Lateral Ankle Ligament Sprains Part 2

 In Lower Limb

Lateral Ankle Ligament Sprains Part 2

If you missed Part 1 of my Lateral Ankle Ligament Sprain deep dive please click HERE>> to gain an insight into the acute rehabilitation, diagnosis, and mechanisms of injury for lateral ankle sprains.

If you have already read Part 1 then I hope you find Part 2 also of interest and use.

Must know sub-acute ankle rehabilitation for your sprained ankle

Lateral ankle sprains are very common and completing the full rehabilitation process is essential in preventing ongoing recurrence of ankle sprains. Today’s blog is part 2 of a lateral ankle ligament sprain series and I will explore sub-acute ankle sprain rehabilitation following lateral ankle ligament sprains.

Unfortunately, physiotherapists see far too many clients presenting 6-8 weeks after their initial lateral ankle sprain with persisting ankle pain or dysfunction, These clients have usually done the first part of their acute ankle management by applying the RICER principles, however, have often just left their ankle to “see how it goes.”

Please do not be one of these patients.
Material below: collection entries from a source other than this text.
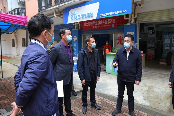 (本网讯 李颖 报道)3月15日,新余市副市长、秘书长肖秋根深入beat365调研指导疫情防控工作,详细了解疫情防控部署落实情况,对疫情防控和校园安全工作开展实地督查。党委书记、督导专员胡涌,党委副书记、校长张晨曙,党委副书记冯赟,党委委员、常务副校长彭卫东等校领导陪同调研。
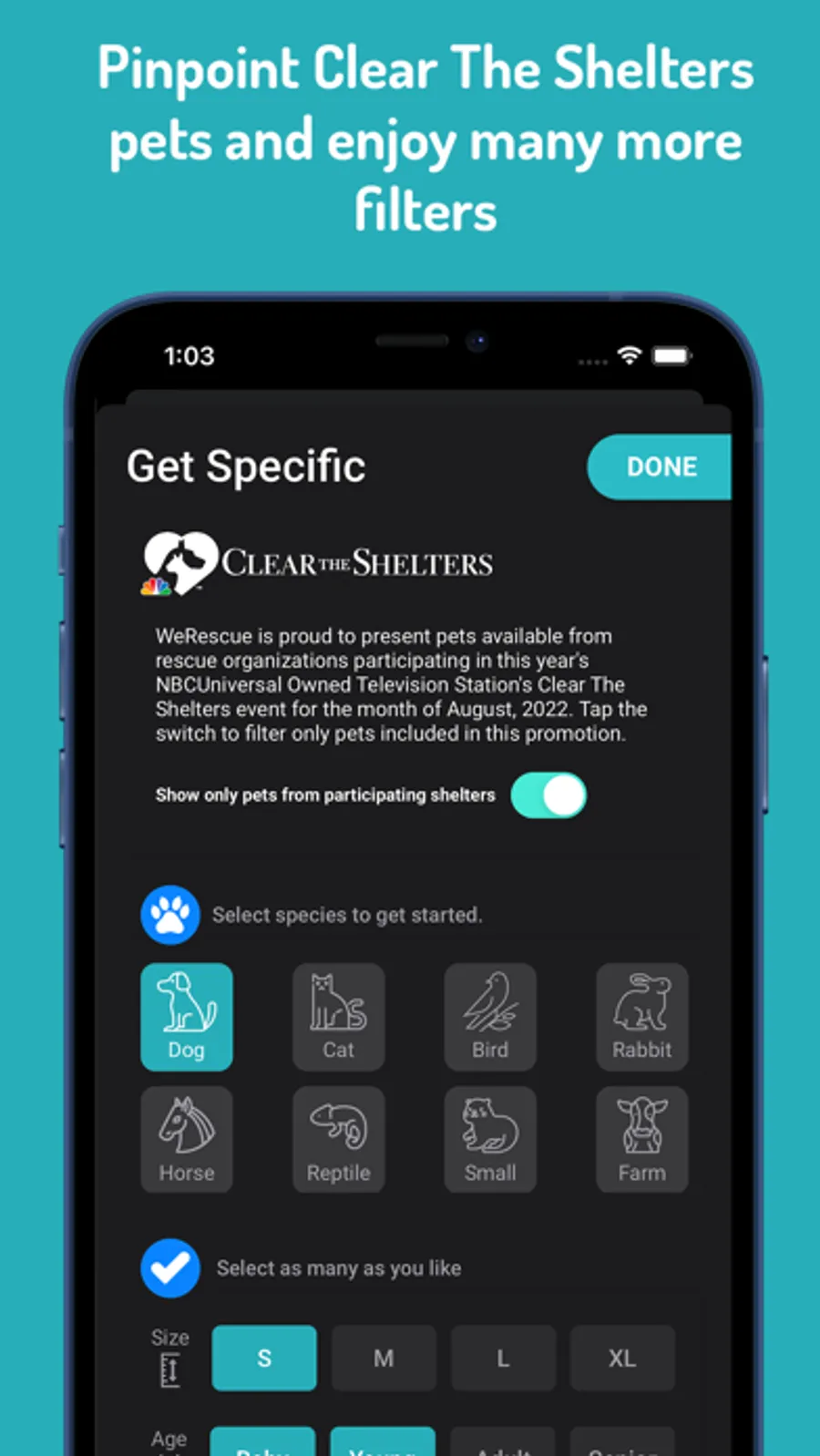 • The most search filters of any pet adoption app: fine-tune your search to find the perfect match
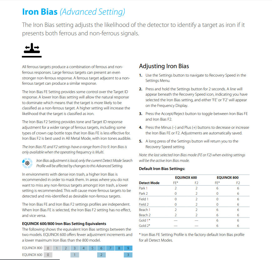 Всем привет! Какое-то время я помогал разрабатывать и испытывать последнее обновление для Эквинокса и могу сказать, что мы получили отличное сочетание настройки iron bias FE и новой настройки Fe2. Теперь пользователям намного проще определить железо и пивные пробки, если они работают с новой прошивкой. Я испытывал прибор во множестве мест, сотни часов поиска и в парках, и в лесах, и на пешеходных тропах, и по стерне, и по пашне, и по посевам, песчаным речным берегам, и тд, и тд. и прошивка становилась всё лучше. Для тех, кто ищет в парках, лесах и на пляжах пивные пробки остались в прошлом (почти), я говорю «почти» потому, что всегда найдется та самая, подленькая пробка, которая прорвется, не так ли. Однако я не выкопал ни одной и с теми сигналами, которые выдавали пробки я был на 100% уверен, что они именно то, что показывает прибор и не сомневался, что их копать не надо. Если вы ищете, скажем, в парке и начинаете натыкаться на пивные пробки, используя обычные настройки, то войдите в ваш АБ режим, нажмите кнопку «Принять/Отклонить», которая вызовет новый режим F2, и установите значение 4, и вы сразу услышите разницу, а также увидите разницу в ВДИ. Чем выше значение настройки F2, тем точнее определяется железо и пивные пробки. Сигнал от пробок начнет распадаться, становиться размытым, значения ВДИ начнут прыгать вверх и вниз в минусовую зону. Чем выше уровень F2, тем это становится очевиднее. А самое крутое, что при этом прибор продолжает видеть мельчайшие и тончайшие предметы. Некоторые предметы, которые я использовал в тестах были сложными для идентификации любым прибором с любым видом дискриминации. Даже используя F2 со значением 4 и до 9-ти, на полную, чтоб не копать пробки и тд, прибор все ещё с легкостью определял маленькую серебряную сережку в виде полого кольца, также видел ее в разомкнутом состоянии, это важная способность для всего маленького круглого и не замкнутого. Другая теставая цель, которую я использовал, это - крохотный кусочек высокопробного золота, известный как «мУшиный помет» и даже это было увидено - блестящий результат для такой маленькой цели. В режиме F2 железо легче определить, даже при таком низком значении, как «1». До обновления я всегда находил слишком рискованным не копать сигналы пивных пробок, поскольку определенные цели могли давать такой же сигнал, в зависимости от толщины, изогнутости, расположения в земле или близости к железу. Этот апгрейд значительно упростит работу с Эквиноксом для многих людей, особенно для тех, кто испытывал трудности с сигналами железа. Теперь им будет гораздо проще. Есть другой сюрприз, который я думаю, обнаружил, но отложу, пока не буду уверен. А пока наслаждайтесь. Сноска......... гораздо лучше использовать F2 на всех металлах, а тона железа лучше помогают с ID в любом случае -------------------- Things must change…
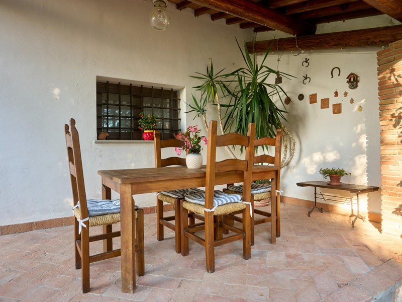 Gli interni, caldi e accoglienti, si distinguono per le finiture tipiche toscane: travi a vista, pavimenti in cotto e pietra naturale. Dal salone principale si accede al giardino privato e al loggiato esterno, perfetto per momenti di relax o degustazioni al tramonto.
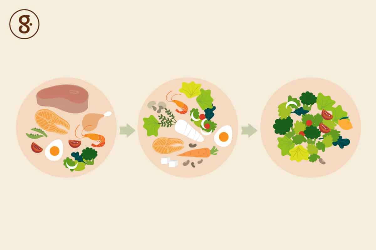 เลิกกินสัตว์ใหญ่ก่อน หากไม่รู้ว่าจะเริ่มงดเนื้อสัตว์อะไรเป็นอันดับแรก ลองเริ่มที่การตัดเนื้อสัตว์ใหญ่อย่าง วัว ออกไปก่อน จากนั้นค่อยงดเนื้อหมู แกะ หรือสัตว์ที่มีขนาดเล็กลงมาเรื่อยๆ เช่น ไก่ ปลา จนร่างกายและจิตใจเริ่มชินทำให้เราลด ละ เลิก กินเนื้อสัตว์ทั้งหมดไปได้เอง
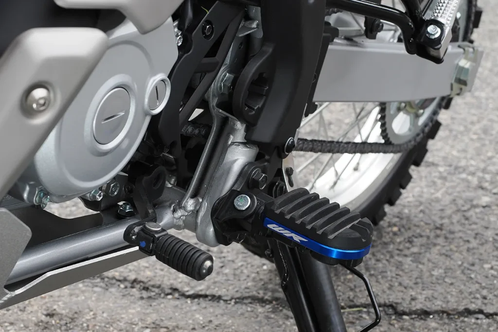 WR125R 后悬吊采用连杆式结构,透过更换连接避震器与摇臂的连杆,即可达到降低车高效果。
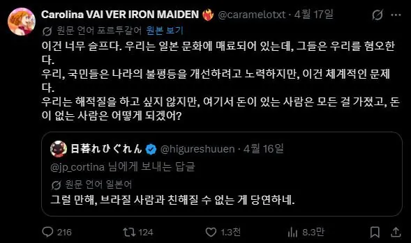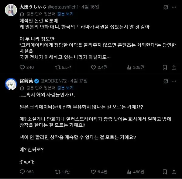 트위터 내 불법 번역 논쟁이 국제 싸움으로 번졌다. 한국과 일본 사용자들은 불법 번역이 창작자 수익을 빼앗고 산업 기반을 약화시킨다고 주장한다. 반면 해외 사용자들은 경제적 형편상 정가로 구매할 수 없다며 대항했다.
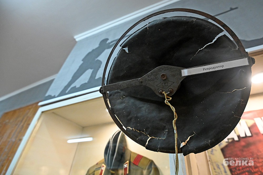 Над патефоном расположена тарелка-репродуктор производства Егорьевского радиозавода. Год выпуска — 1934-й. Именно такие висели до войны во многих сельских домах, именно по таким «тарелкам» советские люди узнали и о начале войны с фашисткой Германией, и о победе над ней. Сегодня репродуктор не передаёт радиопередач, но, глядя на него, словно слышишь голос Левитана, голос эпохи.

Not only does delayed ankle rehabilitation increase your risk of re-injuring your ankle, it further makes it more difficult to fix and restore it to a full functioning, healthy status, costing you more money to fix it, and taking more time away from you doing the things you love doing.

Completing the full rehabilitation process for lateral ankle sprains is essential in preventing ongoing recurrence of ankle sprains #physio #ankle #injury Click To Tweet

Acute lateral ankle ligament sprain recap

As discussed in the part 1 blog, acute lateral ligament ankle sprains must be treated well to ensure full ligament recovery. The acute rehabilitation phase involves firstly applying the RICER principles; Rest, Ice, Compression, Elevation, Referral. Secondly, gentle physiotherapy is commenced to reduce swelling, restore full joint range of motion, and tape and support the ankle joints for mobility. The better a lateral ankle sprain is managed in the acute phase, the faster the patient will be able to get pain-free and move into the sub-acute phase. The sub-acute phase kicks off once the sprained ankle is able to weight-bear and is relatively pain-free in walking. If this is where you are up to in your sprained ankle rehab, fantastic, read on; it’s time for the fun part of your rehabilitation.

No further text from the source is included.